64. The product of the process of any one of claims 1 to 34.

65. The product of the process of any one of claims 35 to 63.

66. A process of de-pigmenting a marine invertebrate having undesirable pigmentation, comprising the steps of:

1) isolating the food portion of the marine invertebrate; and

67. A process as claimed in claim 66 wherein the food portion is the muscle tissue of the marine invertebrate.

68. A process as claimed in claim 67 wherein the marine invertebrate is abalone.

69. A process as claimed in any one of claims 66 to 68 wherein the food portion is soaked in the weak acid solution.

70. A process as claimed in claim 69 wherein the weak acid solution is an acetic acid solution.

71. A process as claimed in claim 70 wherein the acetic acid solution is a 0.2M solution.

72. A marine invertebrate when de-pigmented by the process of any one of claims 66 to 71.

73. An isolated polypeptide, said polypeptide being the α1 chain of type I abalone collagen, said polypeptide having a molecular weight of approximately 123.9 kD.

74. An isolated polypeptide, said polypeptide being the α2 chain of type I abalone collagen, said polypeptide having a molecular weight of approximately 110.6 kD.

75. An isolated polypeptide, said polypeptide being type I abalone collagen, comprising at least one α1 chain as defined in claim 73 and at least one α2 chain as defined in claim 74, and having the amino acid composition laid out in Table 8.

76. Native collagen isolated from abalone.

77. The use of a product as claimed in either one of claims 64 or 65 in place of collagen isolated from land vertebrates or gelatin prepared from the collagen of land vertebrates.

78. The use as claimed in claim 77 as cosmetic ingredients, injectable collagen, in biomedical devices, as a pharmaceutical substance, in food products and in beverages.

79. A cosmetic composition comprising a product as claimed in either one of claims 64 or 65 in addition to conventional cosmetic ingredients.

80. A biomedical device comprising collagen as claimed in either one of claims 64 or 65.

81. A biomedical device as claimed in claim 80 which is a cell growth matrix, prosthetic device, synthetic skin, a dressing for a wound.

82. A pharmaceutical composition comprising collagen as claimed in either one of claims 64 or 65 as a carrier and an active ingredient.

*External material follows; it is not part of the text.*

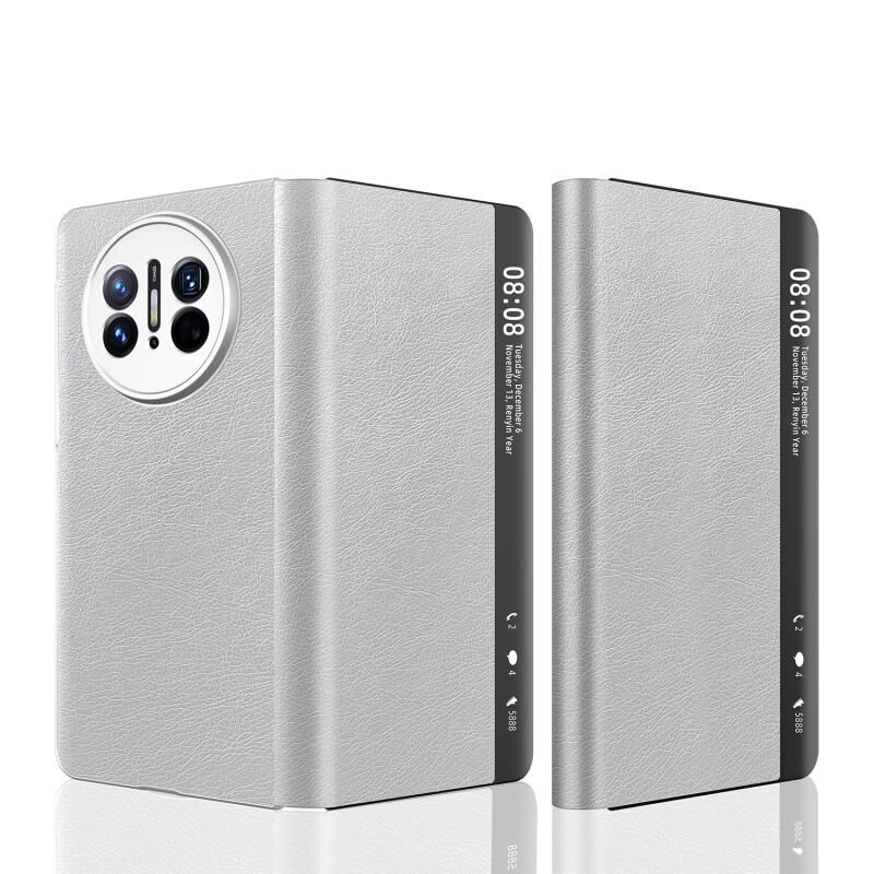 Για Huawei Mate X3 Ρετρό μαγνητική πλευρά Παράθυρο View δερμάτινη θήκη έξυπνου τηλεφώνου (ασημί)

83. A food comprising a product as claimed in either one of claims 64 or 65 and food ingredients.

84. A beverage prepared using a product as claimed in either one of claims 64 or 65 as a fining agent.

85. A capsule for pharmaceutical use prepared from gelatin as claimed in either one of claims 64 or 65.

86. The use of collagen as claimed in claim 64 or 65 in the preparation of gelatin.

87. A process for preparing gelatin, comprising the steps of:

1) providing collagen as claimed in claim 64 or 65

2) heating the collagen to a temperature sufficient for conversion to gelatin to be effected.

88. A process as claimed in claim 87 wherein said collagen is heated to a temperature of at least 40° C.